Jim reported to Fort Dix, a low-security but not the camp, prison in New Jersey on August 14. Jim promised his wife Nancy he would take care of himself and not let this ruin his life. They knew the truth—that he had done nothing wrong, and that knowledge, their faith, and their friends would keep them going.

Ms. Powell prepared for her argument to the Fifth Circuit. The four defendants involved were Bayly, Fuhs, Furst, and Brown. She knew the three judges that would sit on the panel, having worked with them before. What she found in the courtroom, however, was abject hostility from the judges who believed the government’s case in spite of the facts being wrong. And there was not enough time to get the facts right. One of the Judges, Judge DeMoss, did get it, however.

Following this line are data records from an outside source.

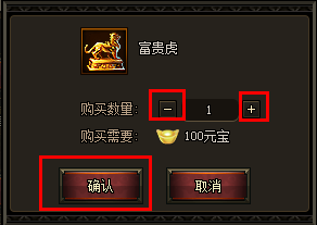 f)点击【购买】按钮后,会弹出商品的购买面板。玩家使用【+】或【-】调整商品的购买数量后,点击确认按钮即可购买。购买的物品可在背包中看到。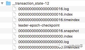 Transaction Log如下放置在“_tranaction_state”主题下面,默认是50个分区,每一个分区中文件格式和broker存储消息是一样的,都有log/index/timeindex文件,如下: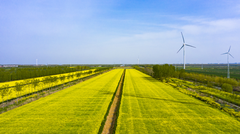 金燦燦的油菜花海沐浴著陽光,盡展芳容,讓人們陶醉其中。春風里,花浪搖曳著曼妙舞姿,訴說著春天的無限美好,盛開的油菜花與鑲嵌其間的麥苗相互掩映。

In three days, the panel ordered that Fuhs be released on bail. He had spent over 5 months in a maximum security prison in Oklahoma. It looked like he was going to be acquitted. The 5 months were lost from his and his family’s lives. Nothing could ever make up for that. Had the judges ever even considered or cared about what their wrong decision had done to this young man and his family?

Things had begun to unravel. But at the same time, the task force prosecutors were being promoted, honored, and lauded for their work. Leslie Caldwell was heading the practice at Morgan Lewis. Friedrich was climbing the later of the DOJ. Weissman landed a position at Jenner & Block. Ruemmler was prosecuting Lay and Skilling in Houston.